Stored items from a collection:
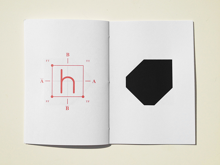The Logic Alphabet 2013 Edition of 10 26 pages 8.5 × 10 in Stitchbound inkjet print and hand silkscreen From the Logic Alphabet of Dr. Shea Zellweger |
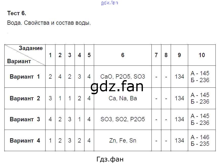 Проверка домашнего задания всегда занимает большое количество времени. На помощь приходит ГДЗ фан по Химии восьмого класса. Здесь собраны популярные ответы на 6 Химия 8 класс тесты Боровских Т.А. (к уч. Рудзитиса Г.Е.)
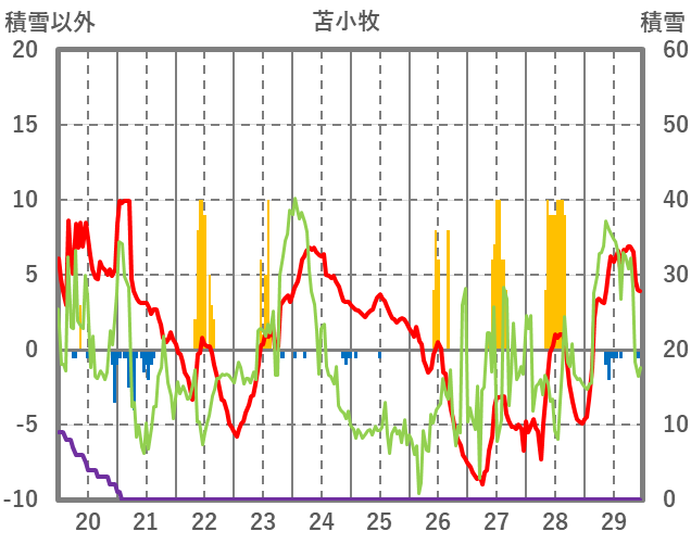 | 日 | 時 | 気温 | 降水 | 風向/風速 | 日照 | 積雪 | 降雪 |
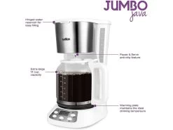 The Jumbo Java brews 14 cups of coffee. With a 24 hour programmable timer, you can start each morning with a cup of fresh coffee. The keep warm function keeps your coffee at the ideal temperature and switches off automatically after 2 hours. With its attractive design and stainless steel accents, this coffee maker is the perfect addition for the home (or office) of coffee lovers.
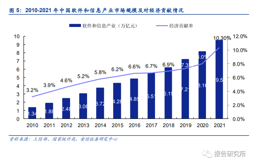 软件和信息技术作为现代科技的重要组成,对科技自立自强至关重要。从软件和信息产业的 整体规模来看,从2010年的1.34万亿提高到2020年的8.16万亿,年复合增长率高达20%, 说明市场一直保持高速增长。从软件和信息产业对经济的贡献来看,贡献率从2010年的3.2% 提高到 2020 年 8%,可见软件和信息产业已经成为推动经济发展的重要力量。
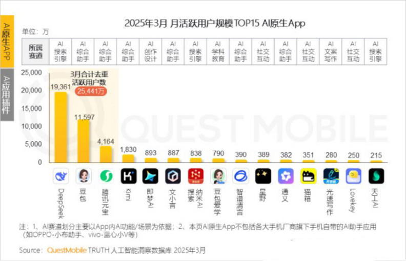 **不過半年,Kimi在月活榜上已經從第二滑向了第四。**根據QuestMobile數據,DeepSeek,字節豆包,騰訊元寶分別以1.94億、1.16億和4164萬的月活用户數霸榜前三,Kimi以1820萬的月活數位居第四(截止2025年3年)。
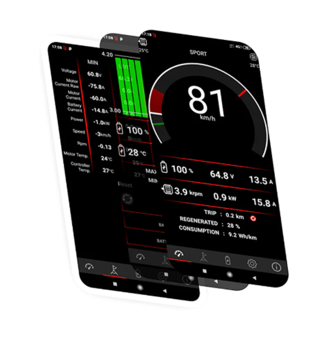 - - Caractéristiques : application mobile (IOS et Android), écran Sur-Ron d'origine
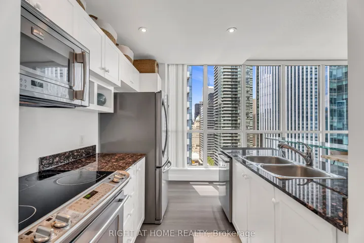 **Photos are from a previous listing. Furnishings differ but the property shows exceptionally well. Tenants have provided their notice to vacate on May 31, 2026** Stylish, well appointed, and in a prime location!! Spacious layouts like this are hard to come across – this inviting living space allows for multiple seating arrangements and a full size dining table, with natural sunlight pouring into the unit. Enjoy panoramic city views that deliver a true “wow” moment every time you step into the kitchen for your morning coffee. Experience vibrant waterfront living year-round, with skating, concerts, marina access, kayaking, and so much more! Includes one parking space conveniently located on P1, close to the elevators, along with ample storage space within the unit. Unbeatable convenience with access to the PATH and just moments from Union Station, the UP Express, Scotiabank Arena, and the Financial District. Building amenities include an indoor/outdoor pool, fitness centre, sauna, party room, guest suites, and 24-hour concierge. Take advantage of this market and secure an exceptional unit that truly embodies downtown living with a calming lakeside vibe!!

▶ **Task**: Copy out every entry exactly as written, but not the pictures.

▶ **Your solution**:
The Logic Alphabet 2013 Edition of 10 26 pages 8.5 × 10 in Stitchbound inkjet print and hand silkscreen From the Logic Alphabet of Dr. Shea Zellweger |
 Проверка домашнего задания всегда занимает большое количество времени. На помощь приходит ГДЗ фан по Химии восьмого класса. Здесь собраны популярные ответы на 6 Химия 8 класс тесты Боровских Т.А. (к уч. Рудзитиса Г.Е.)
 | 日 | 時 | 気温 | 降水 | 風向/風速 | 日照 | 積雪 | 降雪 |
 The Jumbo Java brews 14 cups of coffee. With a 24 hour programmable timer, you can start each morning with a cup of fresh coffee. The keep warm function keeps your coffee at the ideal temperature and switches off automatically after 2 hours. With its attractive design and stainless steel accents, this coffee maker is the perfect addition for the home (or office) of coffee lovers.
 软件和信息技术作为现代科技的重要组成,对科技自立自强至关重要。从软件和信息产业的 整体规模来看,从2010年的1.34万亿提高到2020年的8.16万亿,年复合增长率高达20%, 说明市场一直保持高速增长。从软件和信息产业对经济的贡献来看,贡献率从2010年的3.2% 提高到 2020 年 8%,可见软件和信息产业已经成为推动经济发展的重要力量。
 **不過半年,Kimi在月活榜上已經從第二滑向了第四。**根據QuestMobile數據,DeepSeek,字節豆包,騰訊元寶分別以1.94億、1.16億和4164萬的月活用户數霸榜前三,Kimi以1820萬的月活數位居第四(截止2025年3年)。
 - - Caractéristiques : application mobile (IOS et Android), écran Sur-Ron d'origine
 **Photos are from a previous listing. Furnishings differ but the property shows exceptionally well. Tenants have provided their notice to vacate on May 31, 2026** Stylish, well appointed, and in a prime location!! Spacious layouts like this are hard to come across – this inviting living space allows for multiple seating arrangements and a full size dining table, with natural sunlight pouring into the unit. Enjoy panoramic city views that deliver a true “wow” moment every time you step into the kitchen for your morning coffee. Experience vibrant waterfront living year-round, with skating, concerts, marina access, kayaking, and so much more! Includes one parking space conveniently located on P1, close to the elevators, along with ample storage space within the unit. Unbeatable convenience with access to the PATH and just moments from Union Station, the UP Express, Scotiabank Arena, and the Financial District. Building amenities include an indoor/outdoor pool, fitness centre, sauna, party room, guest suites, and 24-hour concierge. Take advantage of this market and secure an exceptional unit that truly embodies downtown living with a calming lakeside vibe!!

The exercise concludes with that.